Motivation
In 2006 the total annual value of trading fake goods was $450 Billion and should approximately rise to $600 Billion in the two subsequent years. Therefore security mechanisms are necessary to ensure producers that their products are secure and would not be counterfeited.
The concept of counterfeiting includes two subtypes that are called active and passive counterfeiting.
- Active counterfeiting means tampering with hardware components (to reduce production costs or to deliberately modify the product to can supplement it with malicious code), cloning (to obtain the Intellectual Property (IP)) and reverse engineering.
- Passive counterfeiting represents the scenario of overproduction.
If companies apply outsourcing of several production steps it is possible for unauthorised producers to create copies after hours. The goal of the UNIQUE project is to develop solutions to the active and passive counterfeiting problem. These solutions need to be supported by strong, novel and consistent design and evaluation methods that have to ensure the security in each level.
Main issues
There is an urgent need for developing methods that increase assurance in authenticity and correct implementation of hardware solutions because of the following trends:
- Overproduction of components and complete platforms causing revenue erosion, unauthorised access to trade secrets and brand damage.
- Omission of important components of design during outsourcing, reducing the security and reliability of a component.

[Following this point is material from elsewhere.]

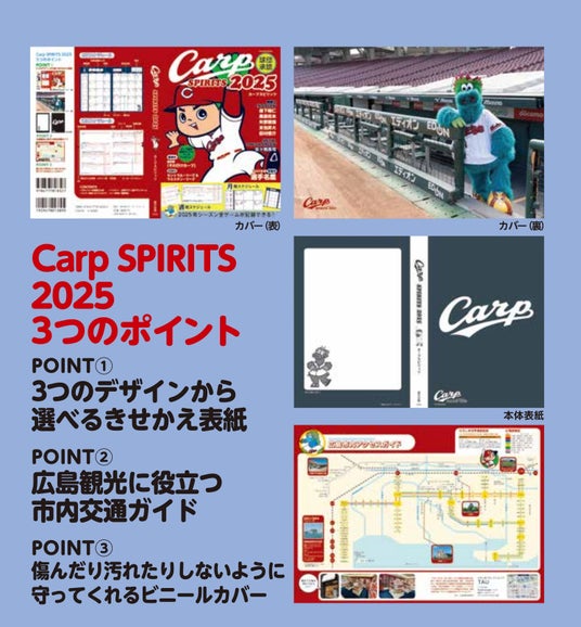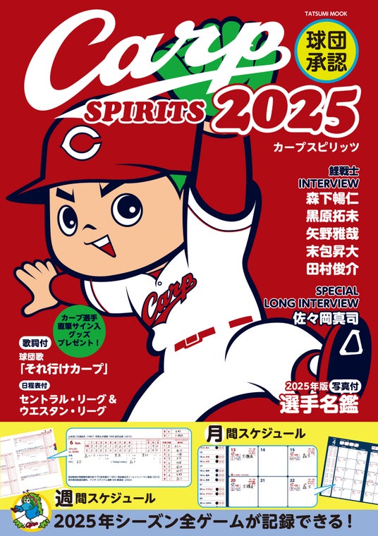 2025年シーズン全ゲームが記録できるファン必携の手帳『球団承認 Carp SPIRITS【カープスピリッツ】2025』が、辰巳出版より2025年3月14日に発売! 選手インタビューやスタジアムガイドなど、読み物としても情報満載の手帳となっています。

- In adjacent markets, such as pharmaceuticals, substitution of the product, potentially leading to loss of life as well as economic damage.
- Insertion of malicious or unspecified functionalities in electronic components, resulting in a variety of threats, including threats to critical infrastructure, trade secrets and privacy and well being of individual consumers.
- Increasing complexity of security features in hardware components and systems, many of which can be delivered by the third parties.
All these trends require us to focus on hardware assurance and trustworthiness of hardware for these areas.